- Born: 29 July 1892 Crailsheim, Germany
- Died: 10 April 1986 (aged 93) Schanbach, near Stuttgart, West Germany
- Occupations: certified auditor, president of the Württembergischer Landesverbandes landwirtschaftlicher Genossenschaften

= Eugen Grimminger =

Member of the White Rose resistance group in Nazi Germany

Franz Eugen Grimminger (29 July 1892 – 10 April 1986) was a member of the White Rose resistance group in Nazi Germany.

==Early life==
Eugen Grimminger, son of a train driver, participated as a volunteer in the First World War and then worked as a civil servant in Crailsheim. After his war experiences he became a pacifist. He read books about Mahatma Gandhi and Buddhism and left the protestant church. According to Grimminger, he adhered to Buddhist beliefs. He became an advocate of non-violence and a vegetarian in 1919.

In 1922, he married Jenny Stern in Stuttgart. His marriage to a Jewish woman was rejected in his circle of acquaintances and relatives. The young married couple settled in Stuttgart, where Grimminger was employed as an auditor at the Association of Agricultural Cooperatives. In 1925 he became a dairy inspector of the association and in 1930 was auditor-in-chief and head of the department.

==In Nazi Germany==
In 1935 Grimminger lost his job because of his being married to a Jewish woman. Two years later, Eugen Grimminger became a self-employed certified auditor. He also helped people to flee to Switzerland, for which fake documents were necessary.
In 1942 Eugen Grimminger took over the book-keeping office of his friend Robert Scholl, who had been denounced for "anti-state statements" and had to serve a four month prison sentence. This office was located in the residential building of the Scholl family. As a result, Grimminger met Inge, Hans and Sophie Scholl and came in contact with the White Rose resistance group.
The group was supported by Grimminger mainly by donations in kind and sums of money, which he had partly collected from his acquaintances. He was assisted by his secretary Tilly Hahn.

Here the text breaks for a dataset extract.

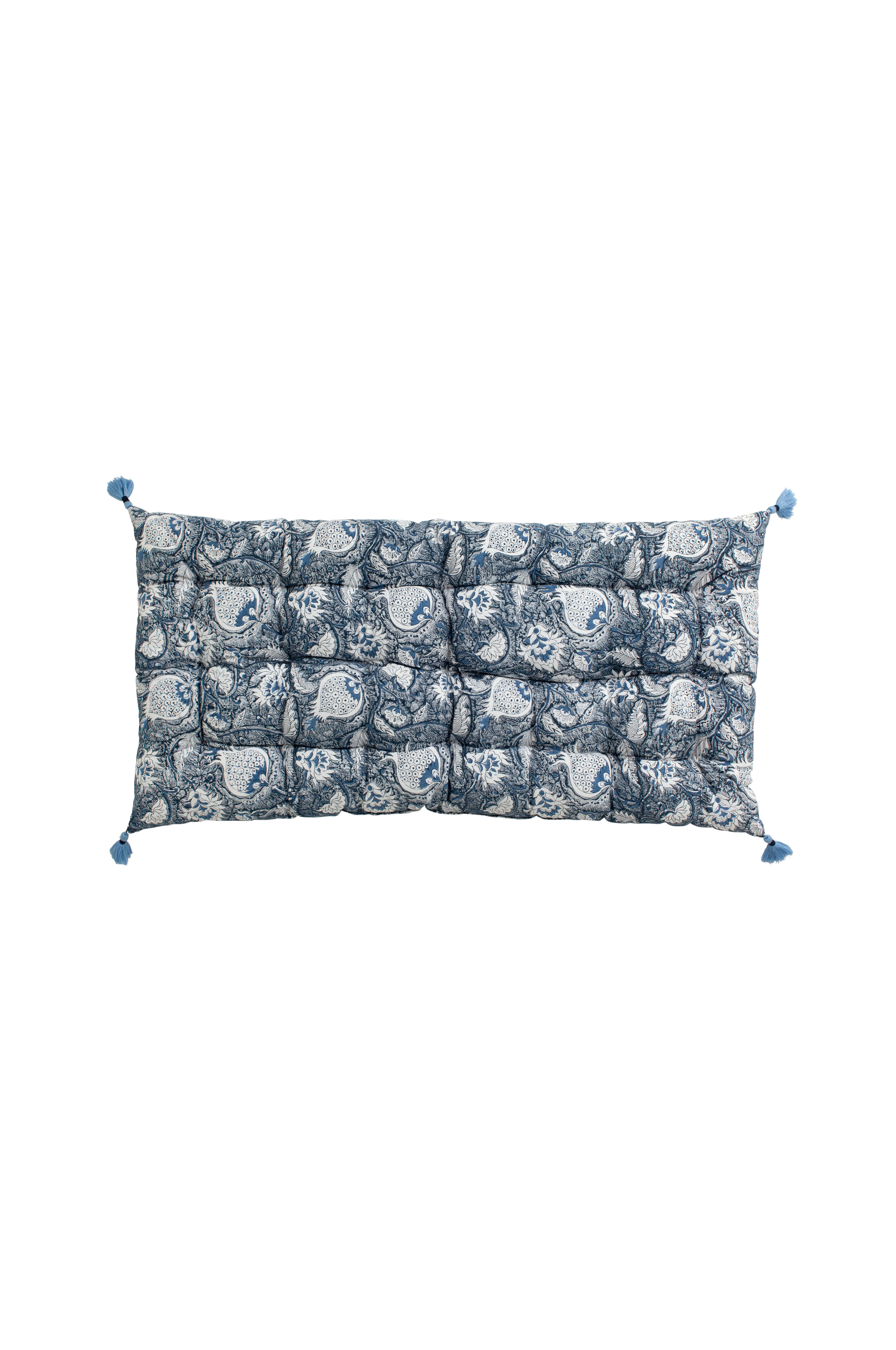 Kuviollinen Chamois-tuotemerkin istuintyyny, jossa koristehapsut. Käsinpainettu kuvio, joka on tehty perinteisellä intialaisella blockprint-tekniikalla. Ainutlaatuista käsityötä, joka antaa pöytäliinalle elävän ja koristeellisen ilmeen.
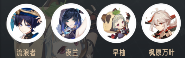 1、跑图+速抓晶蝶队:流浪者+夜兰+早柚+万叶。

On 18 February 1943, the Gestapo arrested Hans and Sophie Scholl for spreading leaflets. In the course of the subsequent interrogations, Grimmingers name was mentioned.
On 2 March 1943, he was arrested and on 19 April 1943, in the second trial against members of the White Rose, he was sentenced for support to high treason to ten years in prison. The public prosecutor had also demanded the death penalty for him, however, ultimately could prove only a transfer of money, not what he actually knew about how the money was intended to be used. His Jewish wife, until then protected from persecution, was arrested on 10 April 1943, then deported and murdered in Auschwitz. Eugen Grimminger was imprisoned in the Zuchthaus Ludwigsburg until April 1945.

==After the war==
After the war he became president of the regional association of agricultural cooperatives in Stuttgart. In 1947 he married Tilly Hahn. In 1958 he retired. He was involved in animal welfare and was chairman of the Tierschutzverein Stuttgart for many years. He also founded the Grimminger Foundation for Anthropozoonosis Research to research and control animal diseases that are transmissible to humans. The foundation was later renamed the Grimminger Foundation for Zoonotic Research.